[[ RECORDS SUPPLIED, beginning ]]
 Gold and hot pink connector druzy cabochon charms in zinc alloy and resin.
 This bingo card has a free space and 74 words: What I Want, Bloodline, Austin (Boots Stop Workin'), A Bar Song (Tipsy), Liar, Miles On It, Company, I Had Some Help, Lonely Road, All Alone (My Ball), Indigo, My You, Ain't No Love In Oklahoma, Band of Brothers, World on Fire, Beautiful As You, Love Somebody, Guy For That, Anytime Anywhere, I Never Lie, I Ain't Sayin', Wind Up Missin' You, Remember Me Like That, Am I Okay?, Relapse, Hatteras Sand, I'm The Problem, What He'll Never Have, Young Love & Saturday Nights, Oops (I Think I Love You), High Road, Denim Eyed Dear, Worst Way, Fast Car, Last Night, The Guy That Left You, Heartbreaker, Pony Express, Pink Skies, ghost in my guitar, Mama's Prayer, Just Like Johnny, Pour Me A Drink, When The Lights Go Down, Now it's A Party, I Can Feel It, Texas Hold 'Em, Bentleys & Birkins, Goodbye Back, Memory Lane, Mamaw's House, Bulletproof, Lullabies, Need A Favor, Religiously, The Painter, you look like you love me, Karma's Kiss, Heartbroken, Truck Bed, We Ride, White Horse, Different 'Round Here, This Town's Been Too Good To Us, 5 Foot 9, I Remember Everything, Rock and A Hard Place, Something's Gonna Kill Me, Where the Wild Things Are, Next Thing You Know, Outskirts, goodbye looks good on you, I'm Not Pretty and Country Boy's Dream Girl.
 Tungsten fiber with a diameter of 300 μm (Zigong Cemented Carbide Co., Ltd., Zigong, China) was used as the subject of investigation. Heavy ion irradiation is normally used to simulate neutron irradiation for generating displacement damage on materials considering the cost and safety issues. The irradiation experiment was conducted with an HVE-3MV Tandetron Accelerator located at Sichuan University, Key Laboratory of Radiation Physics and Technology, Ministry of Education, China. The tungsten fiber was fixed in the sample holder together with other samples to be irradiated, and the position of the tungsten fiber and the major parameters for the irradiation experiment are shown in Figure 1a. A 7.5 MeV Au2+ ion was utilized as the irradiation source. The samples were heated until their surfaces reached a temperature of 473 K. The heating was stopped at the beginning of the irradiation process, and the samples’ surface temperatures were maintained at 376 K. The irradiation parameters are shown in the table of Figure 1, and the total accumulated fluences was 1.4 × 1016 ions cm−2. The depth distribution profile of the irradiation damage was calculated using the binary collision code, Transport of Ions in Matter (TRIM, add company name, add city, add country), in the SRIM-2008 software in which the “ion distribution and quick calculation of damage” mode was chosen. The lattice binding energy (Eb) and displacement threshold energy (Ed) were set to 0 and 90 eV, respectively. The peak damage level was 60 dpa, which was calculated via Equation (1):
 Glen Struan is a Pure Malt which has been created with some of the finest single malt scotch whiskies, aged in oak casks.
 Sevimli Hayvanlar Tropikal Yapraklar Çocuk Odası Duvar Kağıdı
[[ RECORDS SUPPLIED, end ]]
[[ RECORDS SUPPLIED, beginning ]]
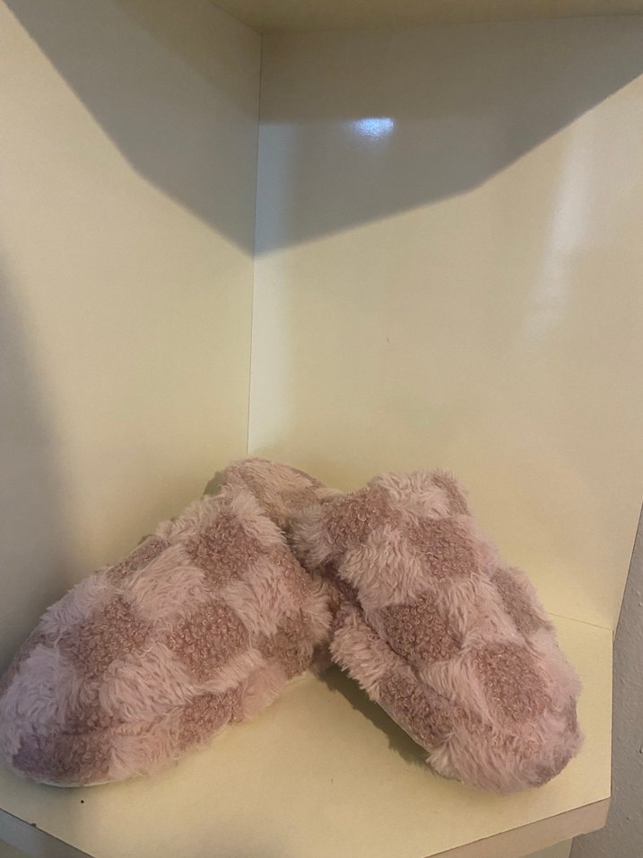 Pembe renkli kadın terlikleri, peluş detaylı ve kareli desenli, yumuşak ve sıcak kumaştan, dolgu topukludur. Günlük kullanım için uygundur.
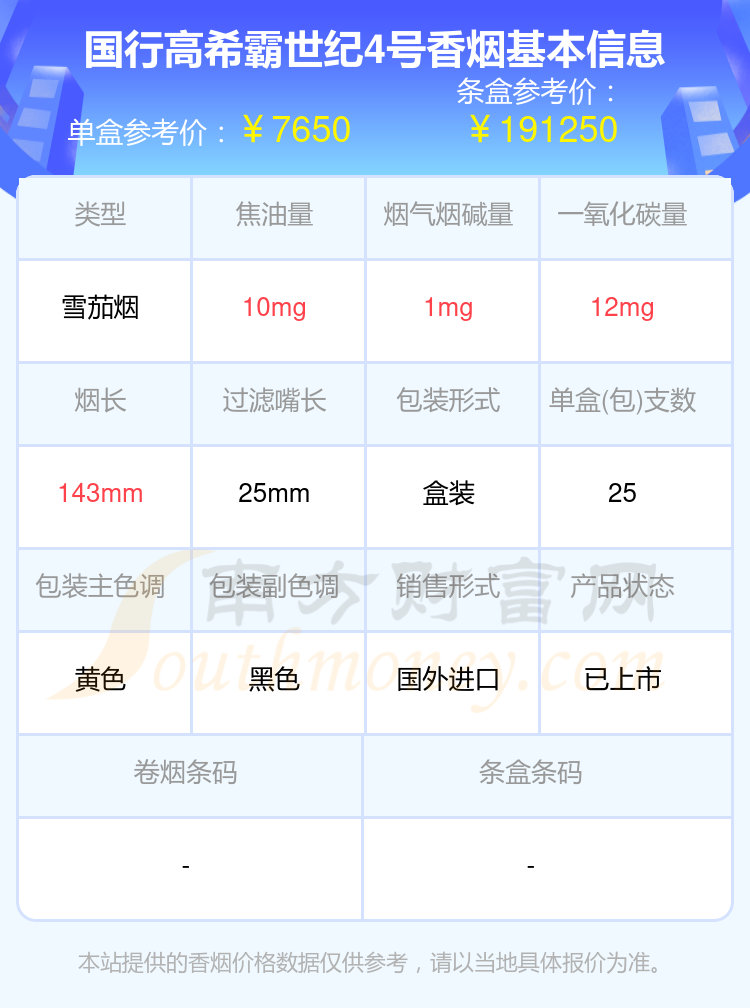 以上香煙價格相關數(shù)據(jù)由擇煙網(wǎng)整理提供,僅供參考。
[[ RECORDS SUPPLIED, end ]]
[[ RECORDS SUPPLIED, beginning ]]
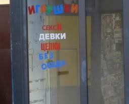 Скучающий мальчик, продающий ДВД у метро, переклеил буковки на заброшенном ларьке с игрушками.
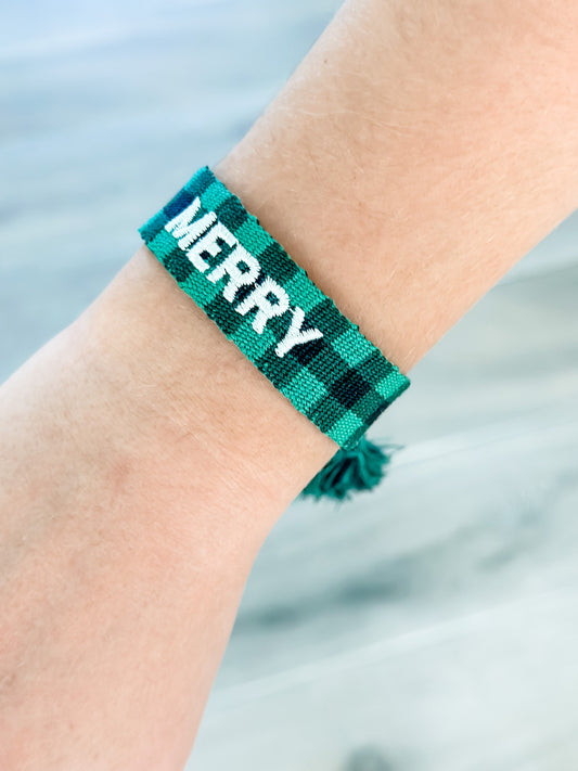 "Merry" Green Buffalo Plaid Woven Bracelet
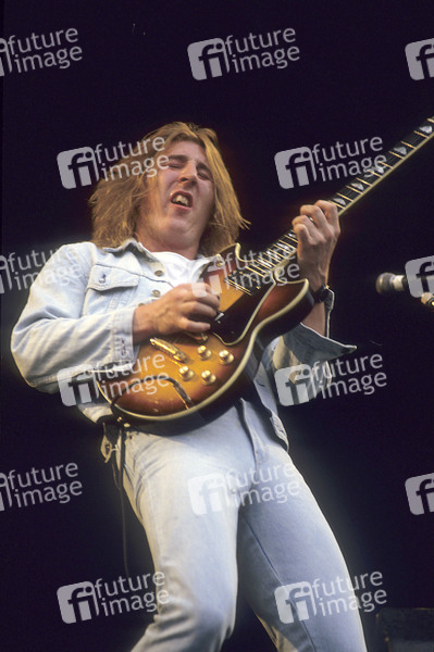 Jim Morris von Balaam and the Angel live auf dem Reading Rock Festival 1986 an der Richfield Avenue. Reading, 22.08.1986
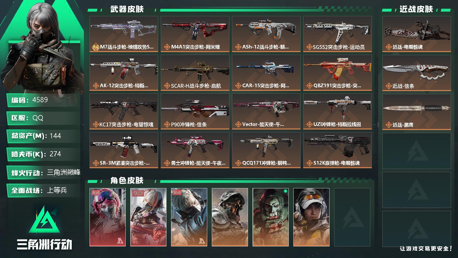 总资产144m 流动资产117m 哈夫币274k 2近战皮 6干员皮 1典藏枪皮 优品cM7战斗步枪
[[ RECORDS SUPPLIED, end ]]
▶ [REQUIRED WORK] For the entries shown above, give the number of lines that include the word "which", without any other text.

▶ [EXERCISE RESPONSE] 2